Not in a bad way. It could have been, but it wasn’t.
Everyone got on with their lives. They did what they planned on doing, they took trips, they went to work, and I was left to my own devices.
It could have gone either way – I could have fallen into a pit of despair. I could have wallowed in my grief. I could have submerged myself in the abyss of nothingness…
Or I could have risen up. I could have done the things that needed to be done. I could have cleaned the house, did the dishes, moved furniture, sorted out the legal stuff, carried on with life.
Everyone went on with their lives, my friend went on her trip and I was left with my kids and my house and all the chaos that went along with it.

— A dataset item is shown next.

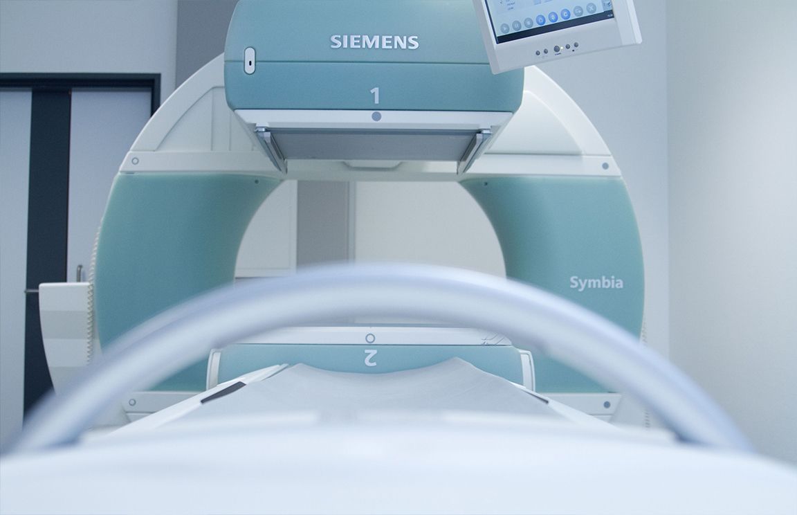 Die eigentliche Untersuchung findet mit einer Gamma-Kamera statt, in deren System auch ein CT integriert ist. Die Patienten werden meist auf einer Liege gelagert und in der Anlage optimal platziert. Die Anlage liefert ein Bild von der Verteilung des Medikamentes im Körper: Sie verarbeitet dafür die Gamma-Strahlen, die das radioaktive Medikament permanent aussendet. Zugleich hält sie mit dem CT die Knochen und Strukturen des Körpers fest. So kann man später sehr genau sehen, wo welches Detail liegt.

I cleaned instead of hiding.
I decluttered instead of wallowing.
I organized instead of submerging.
I stood up and took care of things. I did what I needed to do. I parented, and re-learned how to do the things that needed to be done, and I found a peace of sorts.
I still miss him.
I still have moments, hours, days where I can’t breathe for missing him.
But I keep going. I know it’s what he would have wanted – it’s how he’d have handled it. He would have pushed me to move forward, move on and do what needed to be done.
So I keep going.
And when life starts to overwhelm me – I tackle something in my house until I have something under control.
I think that’s what it’s about for me – I can’t control that he’s gone. I can’t control where my life is going to end up. But I can control how clean my house is, how organized, how peaceful. And so I will control that.
I keep going. Despite how much I miss him.